START INFORMATION SUPPLIED

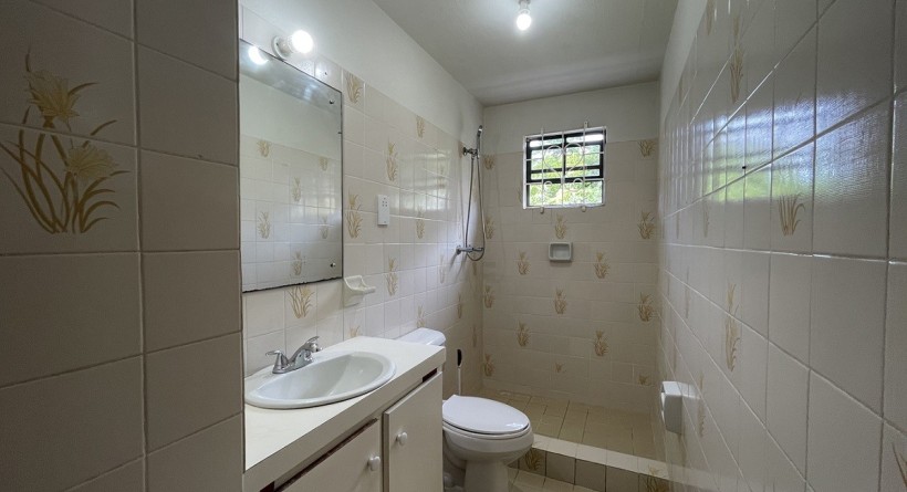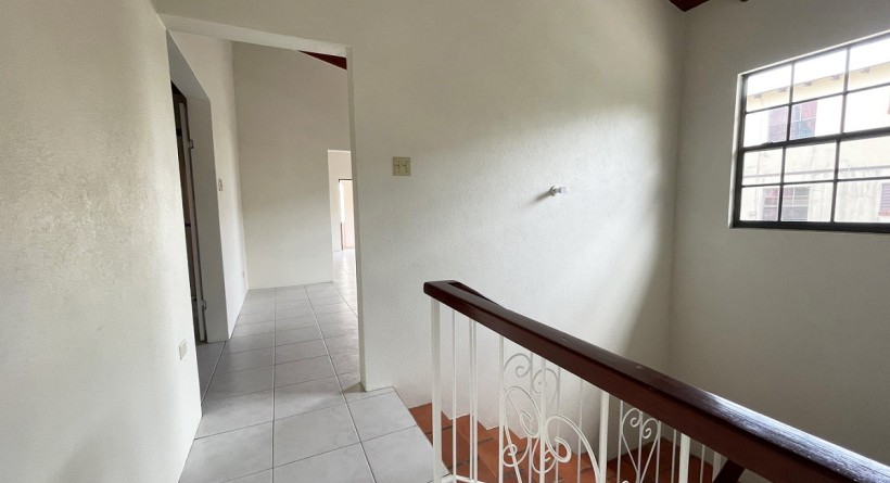 Located in a private cul-de-sac in the popular neighborhood of Rowans Park this two-story home offers 4 bedrooms and 3.5 bathrooms with two covered car ports. Rowans 183 is a well-built family home. The main entry leads from a small front patio into a large open plan living, dining and entertainment room which offers high ceilings and natural light. From the living room is a side patio overlooking the garden. All three bedrooms are located on the windward side of the home and offer large cupboards with ample storage. The main bedroom has an en-suite bathroom whilst the two other bedrooms share a bathroom. The kitchen is at the rear of the property which also has an internal stairwell that leads to another bedroom and en-suite bathroom. Due to the natural lay of the land this level can be easily accessed by driving into either of the two car ports. Adjacent to the car ports is a laundry room and powder room. To the rear of the property is additional space and garden. This home would benefit from some modernization and new kitchen. It is an excellent opportunity for a large or growing family that could also benefit from the additional bedroom downstairs as an office, salon or small gym.
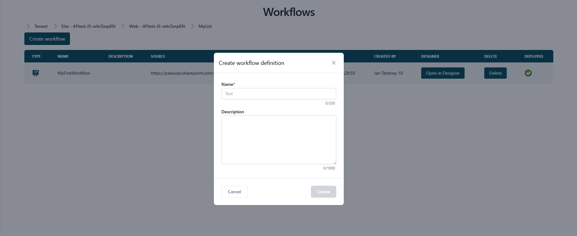Then a window will appear in which you need to fill in the name field and click the Create button. You can also complete the Description field by providing a few sentences characterizing the created workflow.
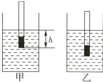 (2)密度计在甲、乙两液体中所受浮力$F_{甲}$______$F_{乙}$,液体密度$\rho_{甲}$______$\rho_{乙}$.(选填“>”“=”或“<”)
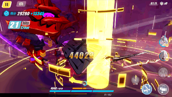 游戏使用虚拟摇杆+按钮的操作方法,三个按钮是道奇技能,一般攻击和最终动作。不同的钥匙按压方法还将触发不同的技能。
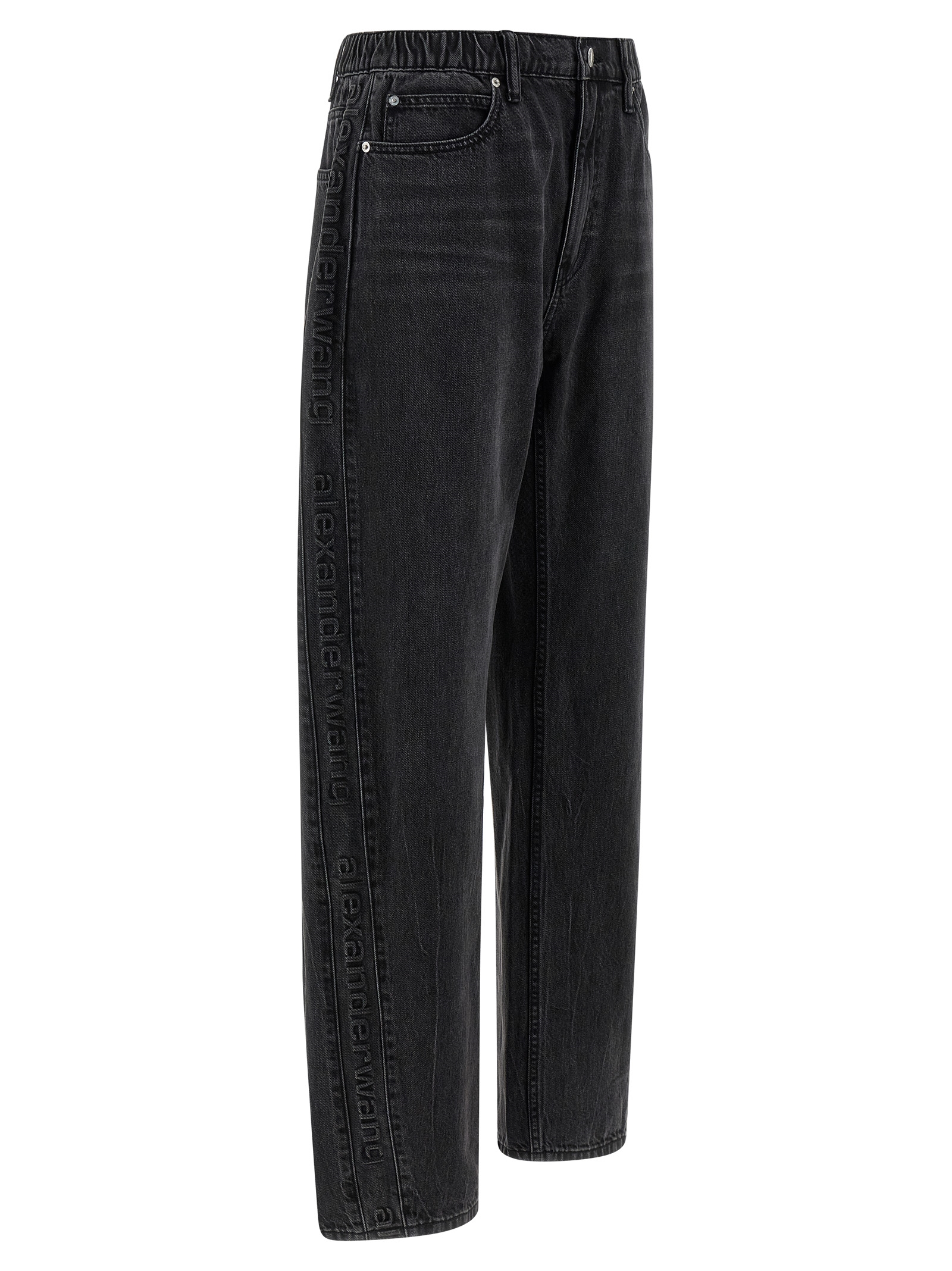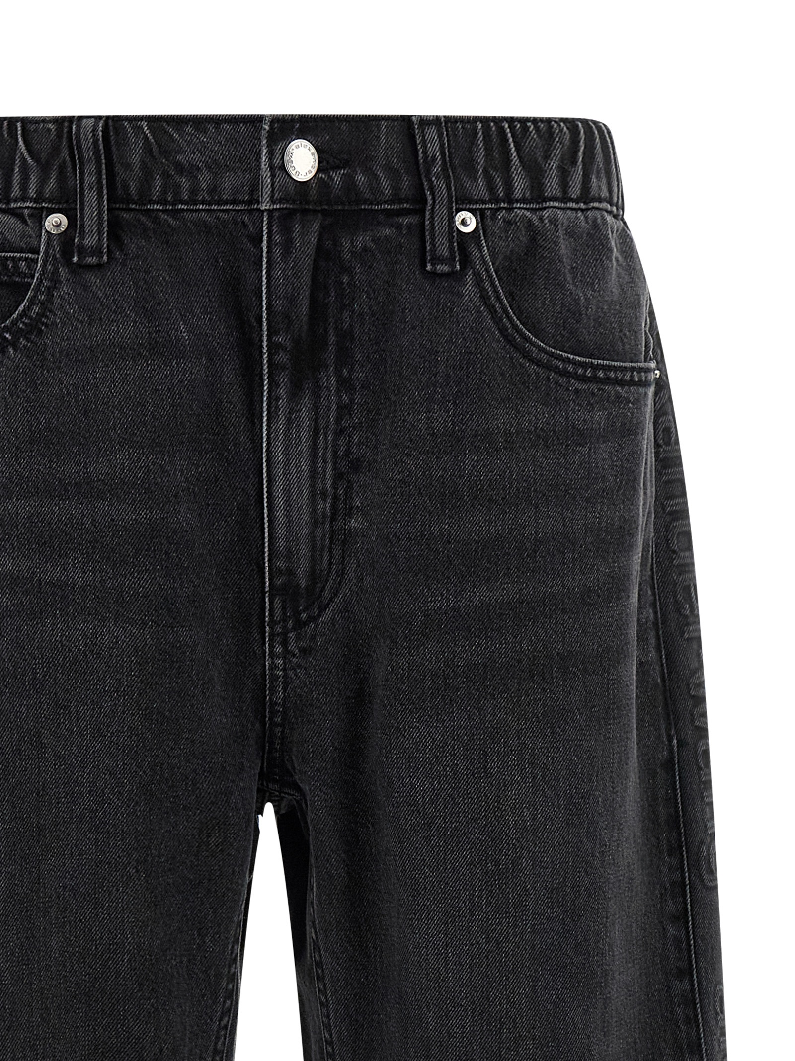 ‘Balloon Jogger’ cotton denim jeans, wide leg with side band with ’embossed’ logo, 5 pockets, front zip and button closure, elastic waistband, leather back logo tag.

END INFORMATION SUPPLIED

Could you transcribe the records above exactly, leaving every picture out?

 Located in a private cul-de-sac in the popular neighborhood of Rowans Park this two-story home offers 4 bedrooms and 3.5 bathrooms with two covered car ports. Rowans 183 is a well-built family home. The main entry leads from a small front patio into a large open plan living, dining and entertainment room which offers high ceilings and natural light. From the living room is a side patio overlooking the garden. All three bedrooms are located on the windward side of the home and offer large cupboards with ample storage. The main bedroom has an en-suite bathroom whilst the two other bedrooms share a bathroom. The kitchen is at the rear of the property which also has an internal stairwell that leads to another bedroom and en-suite bathroom. Due to the natural lay of the land this level can be easily accessed by driving into either of the two car ports. Adjacent to the car ports is a laundry room and powder room. To the rear of the property is additional space and garden. This home would benefit from some modernization and new kitchen. It is an excellent opportunity for a large or growing family that could also benefit from the additional bedroom downstairs as an office, salon or small gym.
Then a window will appear in which you need to fill in the name field and click the Create button. You can also complete the Description field by providing a few sentences characterizing the created workflow.
 (2)密度计在甲、乙两液体中所受浮力$F_{甲}$______$F_{乙}$,液体密度$\rho_{甲}$______$\rho_{乙}$.(选填“>”“=”或“<”)
 游戏使用虚拟摇杆+按钮的操作方法,三个按钮是道奇技能,一般攻击和最终动作。不同的钥匙按压方法还将触发不同的技能。
 ‘Balloon Jogger’ cotton denim jeans, wide leg with side band with ’embossed’ logo, 5 pockets, front zip and button closure, elastic waistband, leather back logo tag.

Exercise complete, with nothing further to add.